Find every line in the entries that holds the string "Elitloppet" and report it.

==== Material for the task

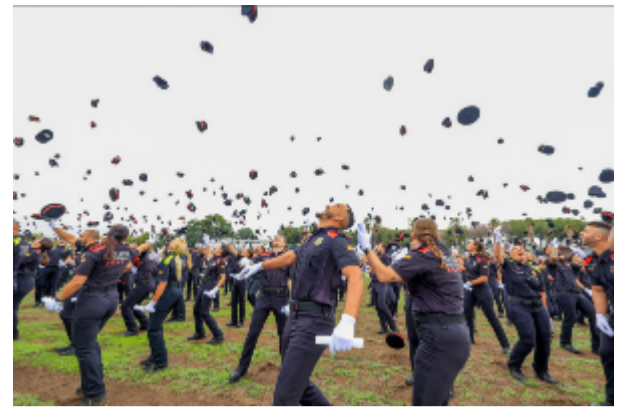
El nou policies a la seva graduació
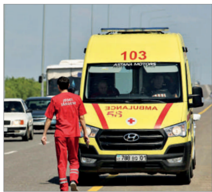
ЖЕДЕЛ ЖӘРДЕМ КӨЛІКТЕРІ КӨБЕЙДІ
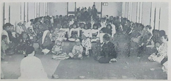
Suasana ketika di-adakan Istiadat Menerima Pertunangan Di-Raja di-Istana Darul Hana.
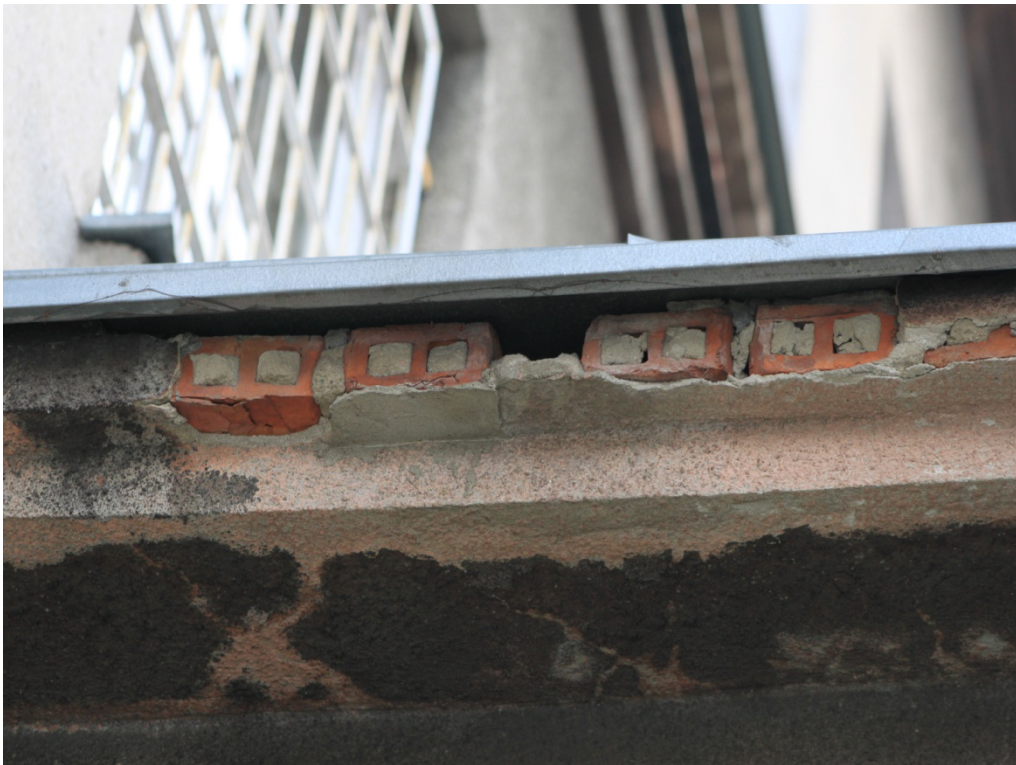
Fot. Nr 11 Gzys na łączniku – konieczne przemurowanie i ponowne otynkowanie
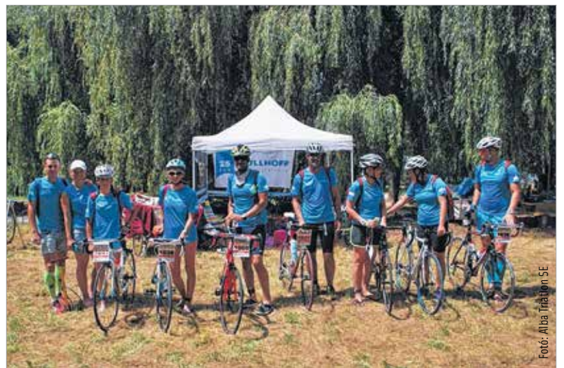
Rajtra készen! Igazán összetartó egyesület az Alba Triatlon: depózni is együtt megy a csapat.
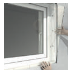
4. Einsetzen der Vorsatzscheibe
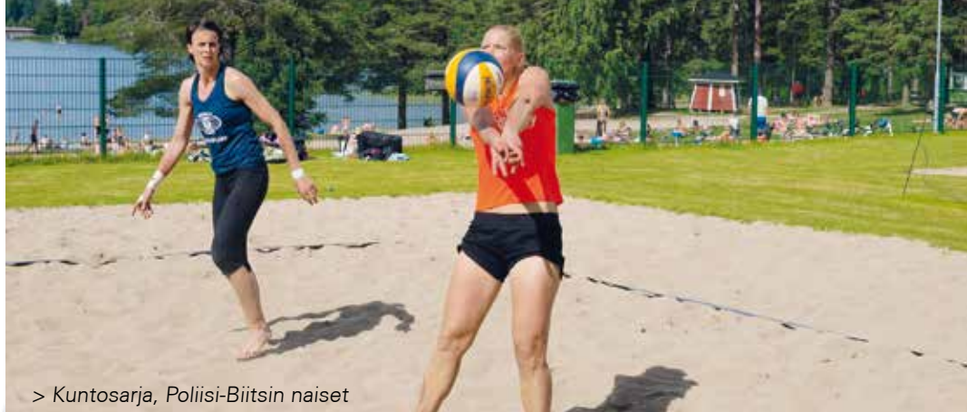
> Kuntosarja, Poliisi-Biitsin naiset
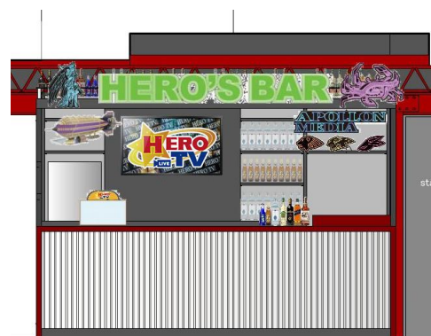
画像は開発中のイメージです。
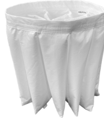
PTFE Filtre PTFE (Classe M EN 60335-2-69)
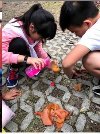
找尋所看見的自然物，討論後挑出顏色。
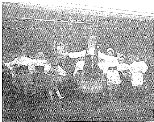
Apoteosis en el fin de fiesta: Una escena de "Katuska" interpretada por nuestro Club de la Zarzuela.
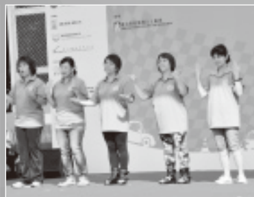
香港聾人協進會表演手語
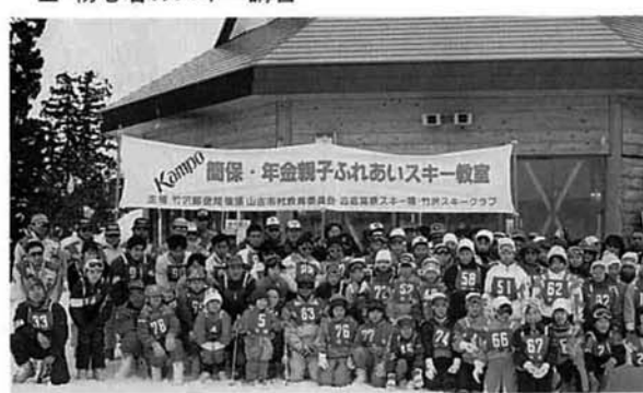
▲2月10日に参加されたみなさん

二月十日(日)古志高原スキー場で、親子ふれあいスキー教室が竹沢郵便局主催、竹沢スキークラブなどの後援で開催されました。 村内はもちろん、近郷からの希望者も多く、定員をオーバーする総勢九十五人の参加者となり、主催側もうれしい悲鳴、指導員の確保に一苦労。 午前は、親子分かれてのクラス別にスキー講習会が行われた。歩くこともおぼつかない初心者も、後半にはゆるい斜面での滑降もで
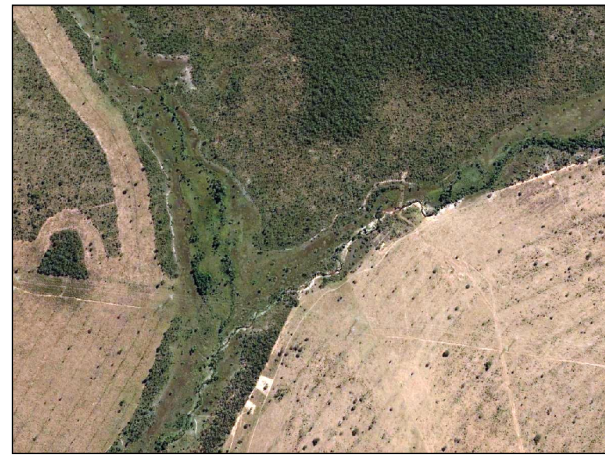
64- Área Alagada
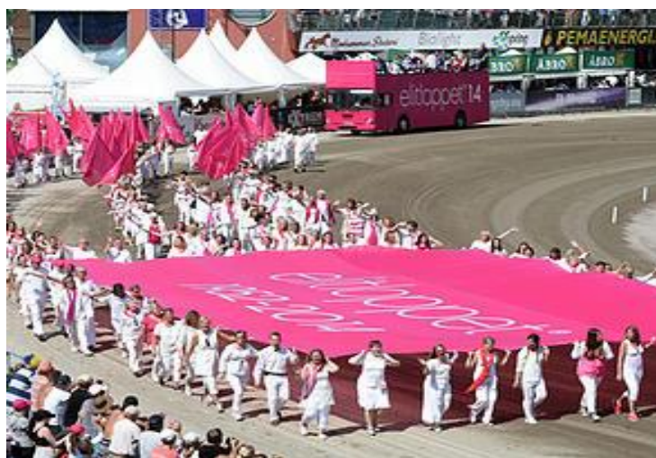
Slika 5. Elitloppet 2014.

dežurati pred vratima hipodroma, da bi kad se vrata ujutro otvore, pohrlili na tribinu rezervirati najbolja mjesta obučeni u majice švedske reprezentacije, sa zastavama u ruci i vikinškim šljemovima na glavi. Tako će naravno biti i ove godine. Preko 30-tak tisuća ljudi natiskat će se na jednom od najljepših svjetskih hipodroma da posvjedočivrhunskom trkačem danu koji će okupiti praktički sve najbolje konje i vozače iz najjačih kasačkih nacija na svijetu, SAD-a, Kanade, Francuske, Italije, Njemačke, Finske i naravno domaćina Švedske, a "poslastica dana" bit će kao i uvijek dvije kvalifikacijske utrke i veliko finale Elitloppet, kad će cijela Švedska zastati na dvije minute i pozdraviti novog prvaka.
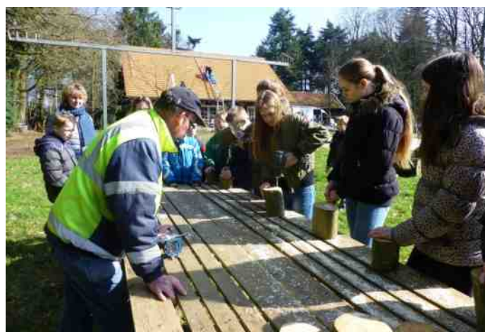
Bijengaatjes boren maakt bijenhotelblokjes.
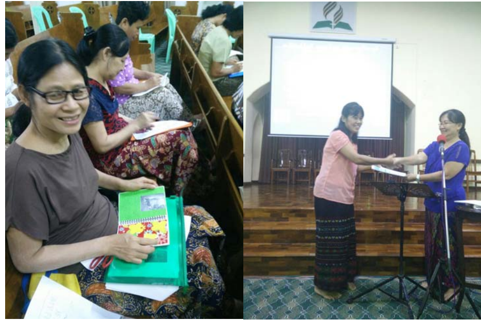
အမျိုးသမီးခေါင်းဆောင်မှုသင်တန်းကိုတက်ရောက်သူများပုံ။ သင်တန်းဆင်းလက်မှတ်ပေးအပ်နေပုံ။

========
==== Material for the task

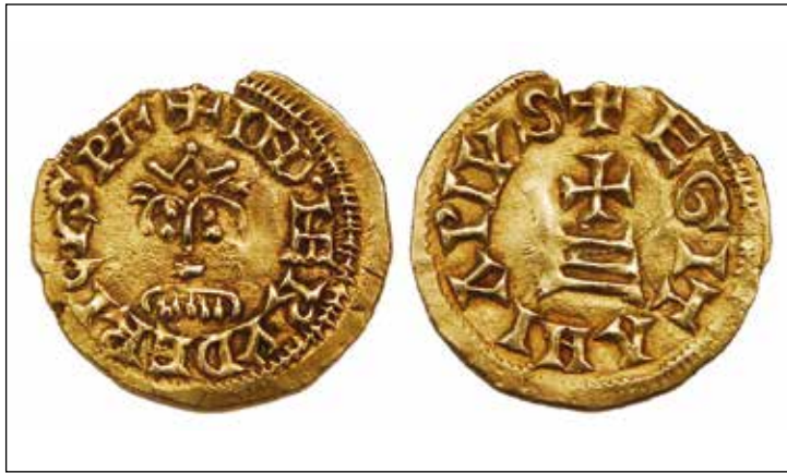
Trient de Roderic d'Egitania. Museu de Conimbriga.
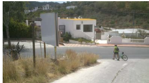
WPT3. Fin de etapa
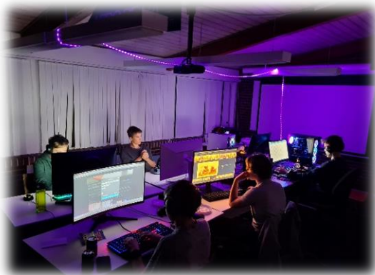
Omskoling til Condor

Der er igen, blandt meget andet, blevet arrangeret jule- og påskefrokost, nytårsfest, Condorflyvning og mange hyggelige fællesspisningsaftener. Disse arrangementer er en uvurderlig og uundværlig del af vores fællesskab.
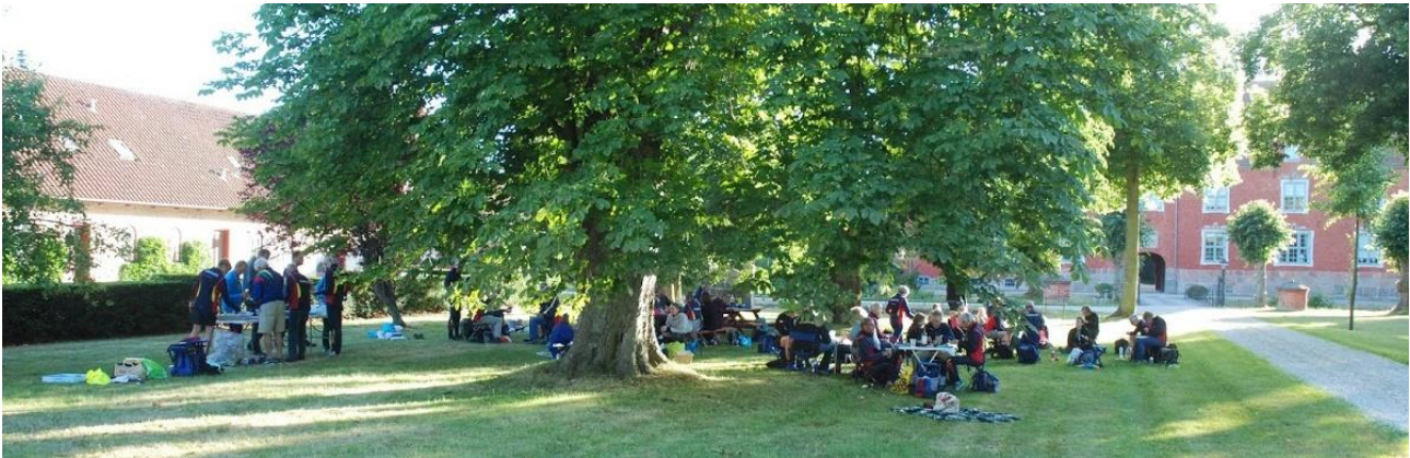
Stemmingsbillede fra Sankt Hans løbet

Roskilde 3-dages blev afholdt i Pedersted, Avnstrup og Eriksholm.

========
==== Material for the task

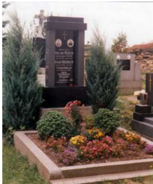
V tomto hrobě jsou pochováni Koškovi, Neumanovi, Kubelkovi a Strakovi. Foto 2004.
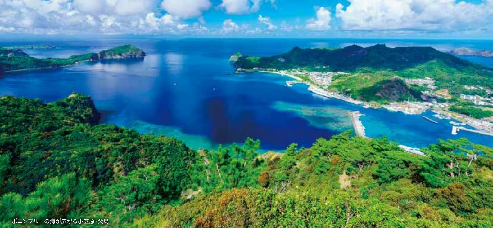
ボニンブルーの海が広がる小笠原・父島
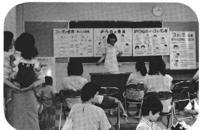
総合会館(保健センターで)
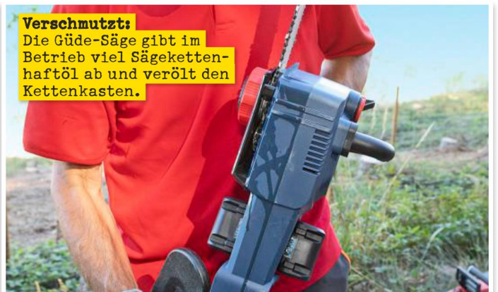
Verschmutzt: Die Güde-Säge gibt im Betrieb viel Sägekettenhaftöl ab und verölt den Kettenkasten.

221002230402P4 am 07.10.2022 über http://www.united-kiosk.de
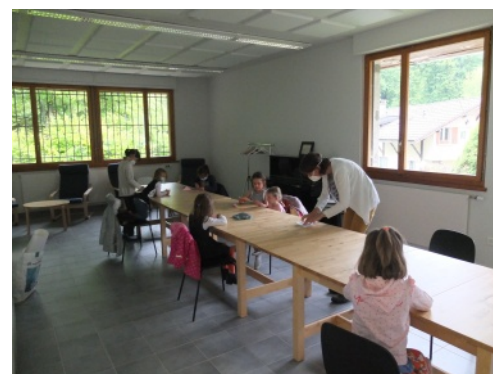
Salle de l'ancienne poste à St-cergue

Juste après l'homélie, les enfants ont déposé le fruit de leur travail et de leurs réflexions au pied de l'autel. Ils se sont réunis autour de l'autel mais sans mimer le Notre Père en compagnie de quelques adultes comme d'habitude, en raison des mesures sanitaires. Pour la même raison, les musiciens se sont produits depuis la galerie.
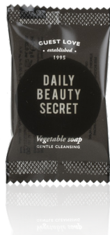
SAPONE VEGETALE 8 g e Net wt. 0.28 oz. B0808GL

========

*Written solution:*
Slika 5. Elitloppet 2014.
dežurati pred vratima hipodroma, da bi kad se vrata ujutro otvore, pohrlili na tribinu rezervirati najbolja mjesta obučeni u majice švedske reprezentacije, sa zastavama u ruci i vikinškim šljemovima na glavi. Tako će naravno biti i ove godine. Preko 30-tak tisuća ljudi natiskat će se na jednom od najljepših svjetskih hipodroma da posvjedočivrhunskom trkačem danu koji će okupiti praktički sve najbolje konje i vozače iz najjačih kasačkih nacija na svijetu, SAD-a, Kanade, Francuske, Italije, Njemačke, Finske i naravno domaćina Švedske, a "poslastica dana" bit će kao i uvijek dvije kvalifikacijske utrke i veliko finale Elitloppet, kad će cijela Švedska zastati na dvije minute i pozdraviti novog prvaka.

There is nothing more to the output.